When I asked Facebook about concerns around the ethics of big tech inbound the brain-reckoner interface space, Mr. Chevillet, of Facebook Reality Labs, highlighted the transparency of its brain-reading project. "This is why we've talked openly about our B.C.I. research — so it can be discussed throughout the neuroethics community as we collectively explore what responsible innovation looks like in this field," he said in an electronic mail.
Ed Cutrell, a senior master researcher at Microsoft, which besides has a B.C.I. programme, emphasized the importance of treating user information carefully. "There needs to be clear sense of where that information goes," he told me. "Every bit we are sensing more and more nigh people, to what extent is that information I'one thousand collecting about you yours?"
Some find all this talk of ethics and rights, if not irrelevant, then at to the lowest degree premature.
Medical scientists working to help paralyzed patients, for example, are already governed past HIPAA laws, which protect patient privacy. Whatsoever new medical technology has to go through the Food and Drug Administration approval process, which includes ethical considerations.
(Ethical quandaries all the same arise, though, notes Dr. Kirsch. Allow'due south say you desire to implant a sensor assortment in a patient suffering from locked-in syndrome. How do you lot go consent to behave surgery that might change the person'southward life for the meliorate from someone who can't communicate?)
Leigh Hochberg, a professor of engineering at Brown University and office of the BrainGate initiative, sees the companies now piling into the brain-machine space equally a benefaction. The field needs these companies' dynamism — and their deep pockets, he told me. Discussions virtually ethics are important, "just those discussions should not at whatever point derail the imperative to provide restorative neurotechnologies to people who could benefit from them," he added.

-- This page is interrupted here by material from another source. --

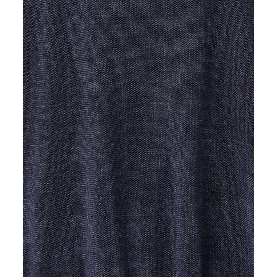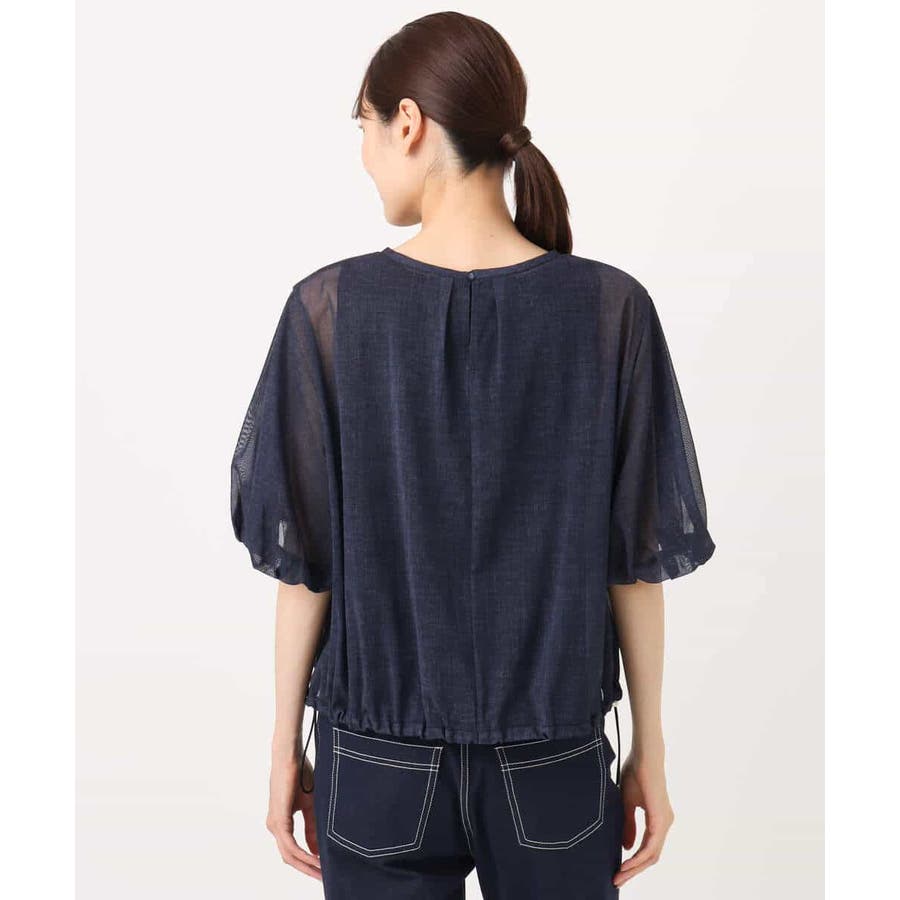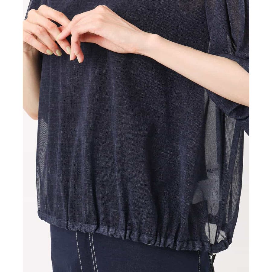 透け感のあるデニム調の素材がトレンドライクなブラウス。裾のドローコードを絞ることでシルエット変化が楽しめるマルチなアイテムです。デザイン自体はゆったりとしており、二の腕や身頃もふんわりとさりげないカバーしてくれます。

Ethicists, Dr. Jepsen told me, "must too see this: The alternative would be deciding we aren't interested in a deeper understanding of how our minds work, curing mental disease, really understanding depression, peering inside people in comas or with Alzheimer's, and enhancing our abilities in finding new ways to communicate."
At that place's even arguably a national security imperative to plow forward. China has its own version of BrainGate. If American companies don't pioneer this technology, some call back, Chinese companies volition. "People have described this equally a encephalon artillery race," Dr. Yuste said.
Not even Dr. Gallant, who first succeeded in translating neural activity into a moving prototype of what another person was seeing — and who was both elated and horrified by the exercise — thinks the Luddite approach is an option. "The only fashion out of the technology-driven pigsty we're in is more technology and science," he told me. "That's just a cool fact of life."
Moises Velasquez-Manoff, the author of "An Epidemic of Absenteeism: A New Style of Understanding Allergies and Autoimmune Diseases," is a contributing opinion writer.